**** Record extracts

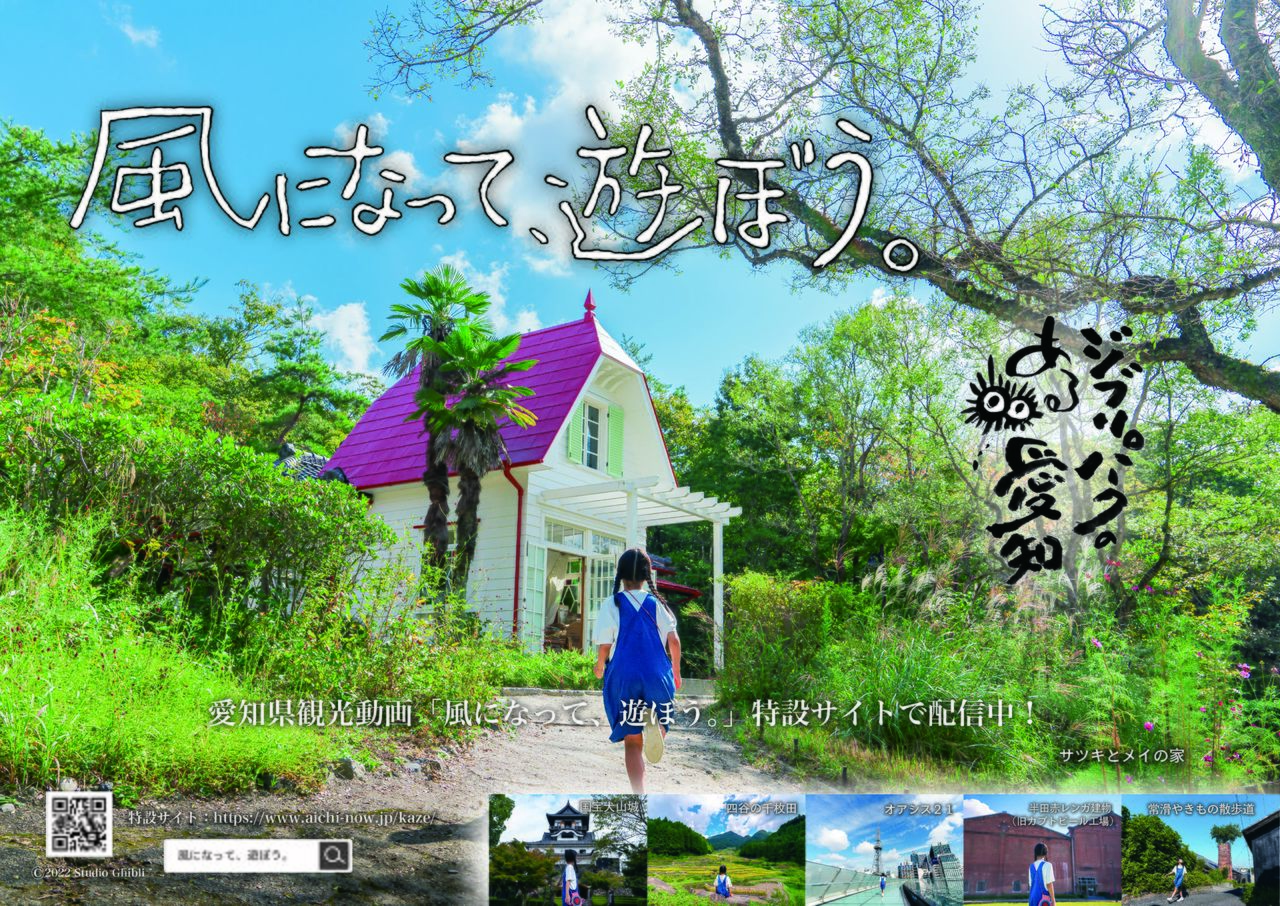 Префектура Айти обратилась к Studio Ghibli с просьбой создать видео для популяризации идеи парка «Гибли» в Айти, и студия сделала фильм «Стань ветром и играй». В нём показаны знаменитые места, такие как замок Инуяма, национальное достояние, а также улицы Аримацу, внесённые в список наследия Японии, и автомобильный музей «Тойота». Studio Ghibli сделала фильм с обзором туристических достопримечательностей впервые, но продюсер Судзуки без излишней скромности говорит, что он удался и они могут гордиться фильмом. Видео можно посмотреть в специальном разделе официального туристического сайта Айти «Айти сейчас».
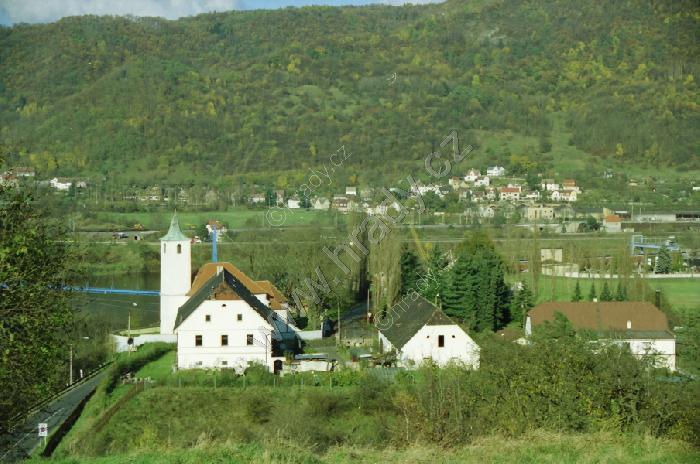 Kostel a sousední statek od jihu
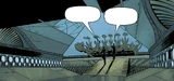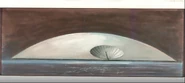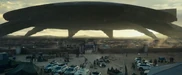 A City Destroyer is, by Earth standards, of staggering size, shaped overall like a concave saucer, the Destroyer's main body was 15 miles (or 25 kilometers) in diameter, and its height from the center up is of just under four kilometers, tapering out to a single kilometer on the brim. The brim is not perpendicular to the bottom of the ship; instead, the edge of the bottom expands outward slightly before uniting with the upper dome. The upper dome is not perfectly smooth: the control tower, a wafer-shaped structure longer and taller than it is wide (though not so tall as to be the ship's tallest point), protrudes from a dish-shaped indentation near the edge roughly three or four kilometers in diameter. The underside of the ship is not uniform either: it is arranged in a symmetrical, bas-relief design not unlike the petals of a flower, with street-like corridors separating warehouse-sized blocks.
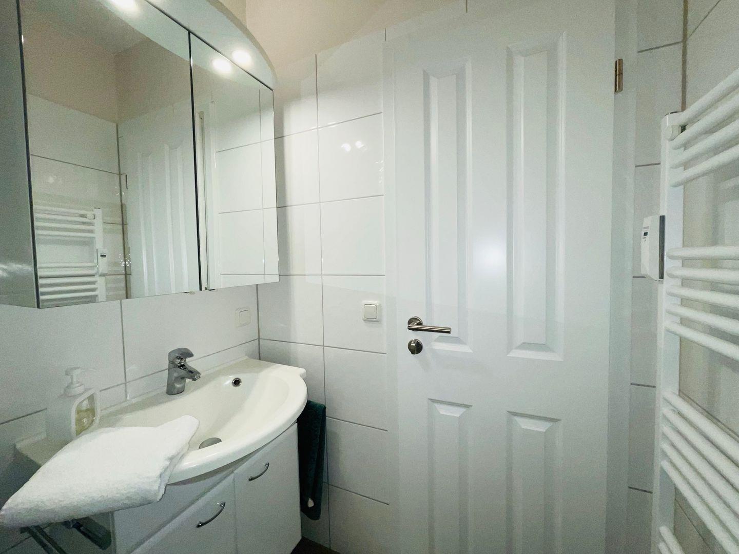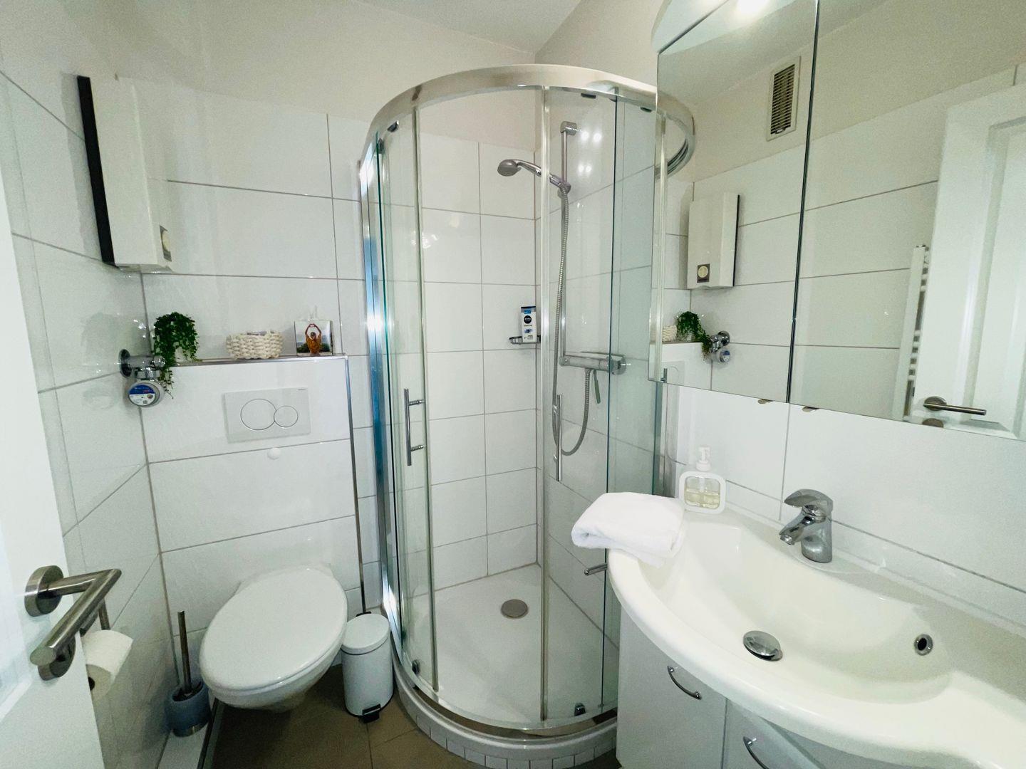 Das helle Badezimmer verfügt über eine Dusche, WC und Waschtisch, auch ein Handtuchheizkörper ist vorhanden.
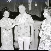 Mrs. Charles Hopkins, left, presents Ivan Skinner with a lei at her Hawaiian luau in honor of six members of the Experiment in International Living. Mr. Skinner is chairman of the group of local citizens working with the Experiment program. Mrs. Ivan Skinner, right, watches. They are all dressed in floral print clothes with leis around their necks. Behind them, some netting with hanging leis and starfish is used as decoration. The fence around the yard and a parked automobile (car) are in the background.
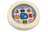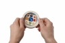 Діаметр дерев’яної основи 8 см, товщина 1,5 см. Вироблена із натурального дерева. Її дуже зручно, а головне безпечно тримати у руках. Зверху гра захищена прозорим пластиковим «віконцем», тому можете не хвилюватись, що кульки можуть загубитись. Фарби, якими нанесений малюнок, на водній основі, нетоксичні і привабливі.

********

What the task asks »
Leave every picture out, and repeat exactly the lines from the one containing "Mrs. Charles Hopkins, left, presents" through the last line of the entries, both ends included.

Answer to the problem »
 Mrs. Charles Hopkins, left, presents Ivan Skinner with a lei at her Hawaiian luau in honor of six members of the Experiment in International Living. Mr. Skinner is chairman of the group of local citizens working with the Experiment program. Mrs. Ivan Skinner, right, watches. They are all dressed in floral print clothes with leis around their necks. Behind them, some netting with hanging leis and starfish is used as decoration. The fence around the yard and a parked automobile (car) are in the background.
 Діаметр дерев’яної основи 8 см, товщина 1,5 см. Вироблена із натурального дерева. Її дуже зручно, а головне безпечно тримати у руках. Зверху гра захищена прозорим пластиковим «віконцем», тому можете не хвилюватись, що кульки можуть загубитись. Фарби, якими нанесений малюнок, на водній основі, нетоксичні і привабливі.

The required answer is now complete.